Training your feet for long distance hiking
admin August 21, 2007
Conditioning your feet for long distance hiking is merely a matter of…hiking. Nothing replaces getting out on the trail with weight bouncing off rocks and pushing yourself. I do find it difficult and sometimes I am too lazy to put all my equipment together, but I know I need to work up some miles to condition both my feet and my body for my upcoming long distance hikes.
Here are some ideas on how to get your feet happy…
1) Hike Barefoot for a few miles on the weekend. This is a great way to really put some stress on your toes, a short distance during the weekend or evening will go a long way to training. A bit awkward in some parts of the world I know. Try this product out. Vibram: FiveFingers Classic.
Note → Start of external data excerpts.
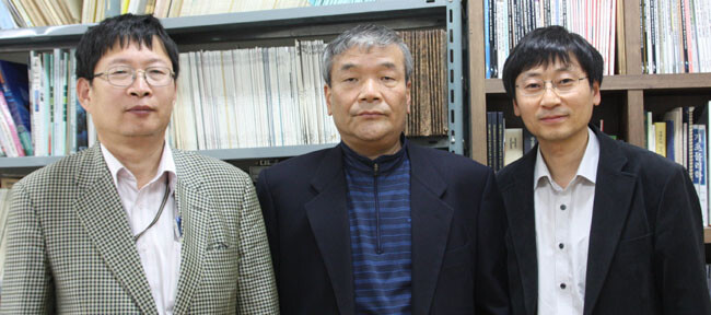 물리학과 임인택, 김재률, 주경광 교수(사진 왼쪽부터 순서대로)팀은 최근 서울대와 함께 전남 영광 원자력발전소 인근에 국내 최초의 중성미자 검출시설을 완공하고 우주생성의 비밀의 열쇠를 쥐고 있는 마지막 중성미자 변환상수 측정에 돌입한다고 22일 밝혔다.
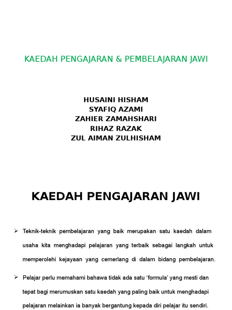 Copy link Link copied. Kaedah pengajaran Jawi yang disarankan oleh pihak Kementerian Pendidikan Malaysia KPM dan telah diberi pendedahan secara khusus kepada bakal-bakal guru Pendidikan Islam dan j-QAF Kementerian Pelajaran Malaysia 2006. Kaedah pengajaran mendengar-bertutur kaedah membaca menulis kaedah memerhati.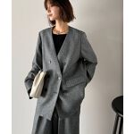 すっきりと開いたネックラインと、縦に並ぶ3段ボタンがポイントのノーカラージャケット。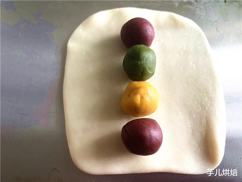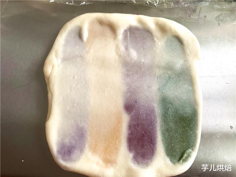 7.取来一块油皮面团擀成长方形,放上4色油酥。油酥可以随便摆放,不同摆放位置,做出来的油酥色彩就不同。再将水油皮从两边将油酥完全包裹。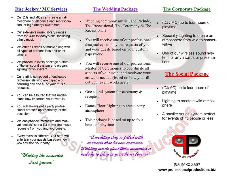 Professional Productions can handle any size production from a small house party to a large Corporate Even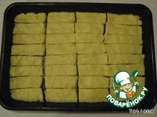 Выложить тесто на смазанный маслом противень, разрезать на "палочки".

These are just enough protection for rocks and such and will can really ease the pain of breaking in your feet.
2. When on training hikes, ALWAYS wear your sock/shoe combination that you would on the PCT. When trained in your exact gear your feet will begin to find the sweet spot and your comfort level will go way up.
3. Short trail runs. Awesome way to get the blood in your feet pumping and help them tighten up.
4. Heavy weighted day hikes. Strengthens your back, legs, upper body and definetly trains your feet for abuse.
5. Back to back training days. Up to about a month before you are leaving, start taking back to back hikes of 15-20 miles, with your pack weight. This is probably the most important means of training your feet (and your body) for the hike ahead.